Hard-Line Policy Cannot Change North Korea

The simple reason why the North Korea policies pursued by past South Korean governments from both left and right have been so unsuccessful is that none of them took into consideration the characteristics of the North Korean system, according to a prominent overseas Korea expert.

On the 12th, Professor Andrei Lankov of Kookmin University gave a lecture at a seminar co-sponsored by the Hyundai Research Institute and South Korean daily newspaper the Joongang Ilbo, in which he explained more, “South Korean progressive factions tend to believe that the North Korea regime would be willing to start market reforms in the same way as China or Vietnam if the situation were right,” he claimed, “yet they cannot do that, because reform in and of itself threatens the raison d’etre of the whole regime.”

Meanwhile, he went on, the logic of hard-line North Korea policies on the conservative side of the debate is based on the notion that, early in the 1980s, U.S. President Reagan used pressure to expedite the collapse of the Soviet Union.

However, Lankov insists that this is also untrue, and introduced an anecdote to back his point; when Alexander Yakovlev, a member of the Soviet Politburo in the 1980s and the so-called “Godfather of Glasnost” was asked whether Reagan’s policies had actually affected the Soviet Union’s collapse, he is said to have replied, “Nothing affected it.”

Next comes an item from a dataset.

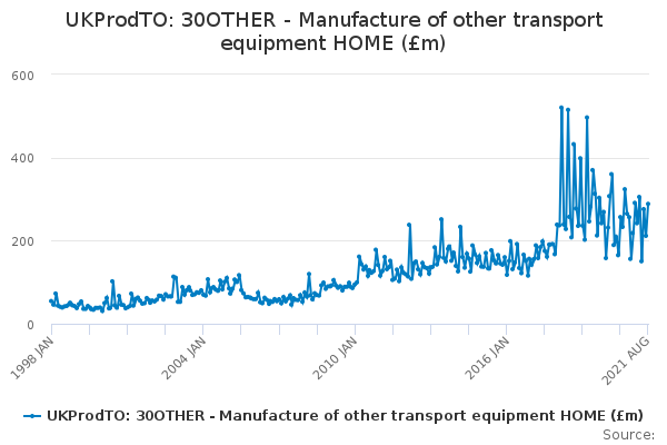 Download this time seriesUKProdTO: 30OTHER - Manufacture of other transport equipment HOME (£m)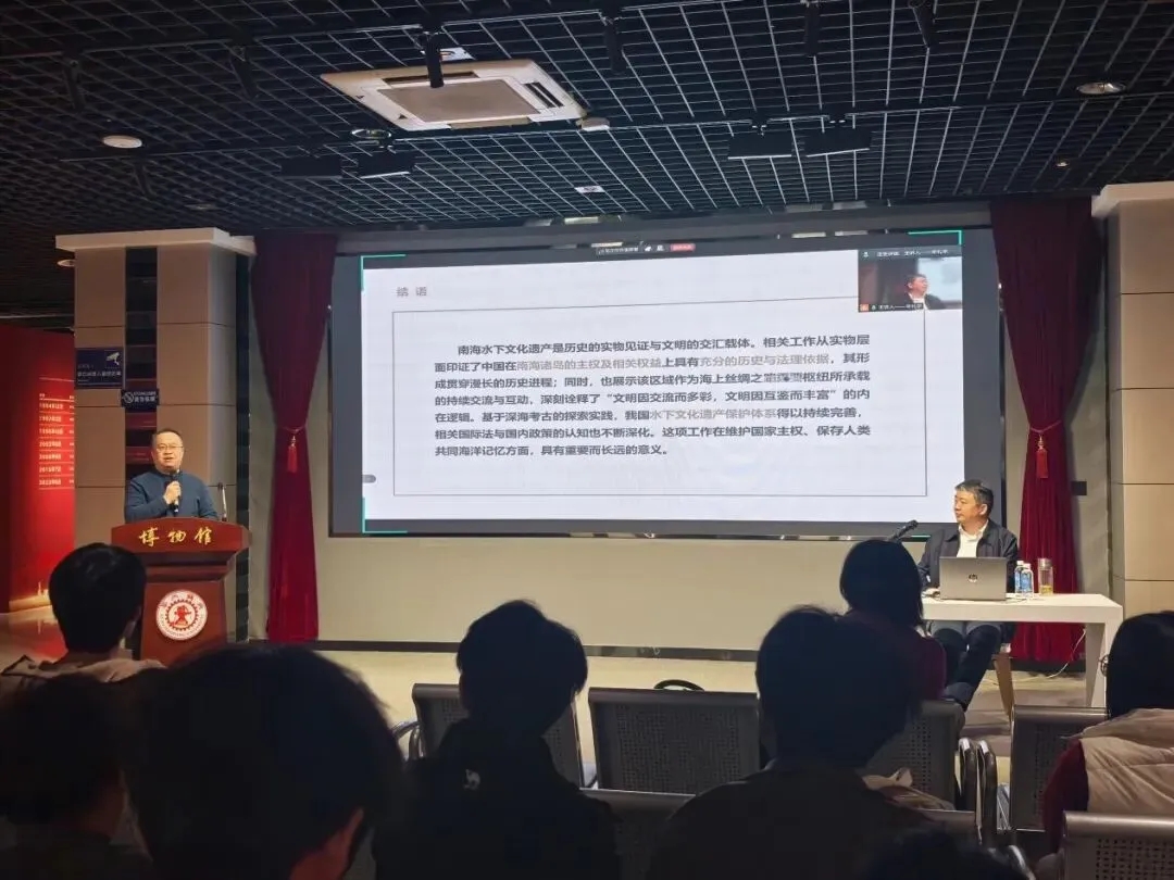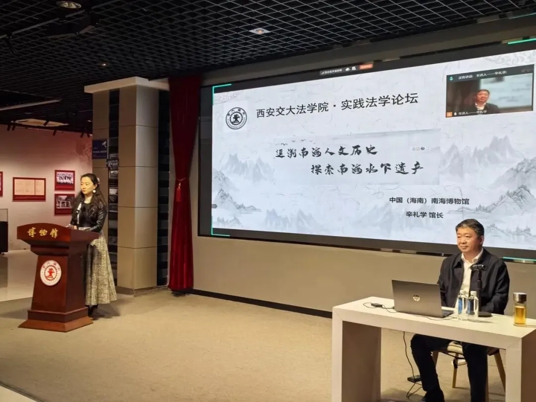 2025年12月10日,中国(海南)南海博物馆馆长辛礼学在西安交通大学博物馆开展“追溯南海人文历史 探索南海水下遗产”主题讲座,法学院副教授刘丽娜主持,档案馆、博物馆副馆长李一鸣作为与谈人,通过线上会议与线下博物馆会场相结合的方式,为师生呈现了一场兼具历史深度与法治视角的文化盛宴。

Instead, Lankov believes that the causes of the collapse of Soviet power were simple economic incompetence and the difficult daily lives of the people. When those people realized that their lives were falling well short of the standards available in other western countries, he asserts, they started to oppose the socialist system.

Additionally, Professor Lankov explained why he believes that international sanctions against North Korea have no chance of succeeding, “Although China, which does not want the North Korean regime to collapse, gives economic aid to North Korea, the more important reason is that international pressure only brings about the deterioration of average people’s lives, not those of the ruling classes.”

In conclusion, “The only solution to the North Korea problem is to change the North Korean people’s basic perspective of the world. They can learn that their country has fallen far behind and that the Kim Jong Il system of governance is ineffective through exchanges with foreign countries.”

Professor Lankov emphasized, “We need to show the North Korean people an alternative way of being ruled and simultaneously use diverse methods to provide them with the knowledge that the Kim regime does not want them to receive.”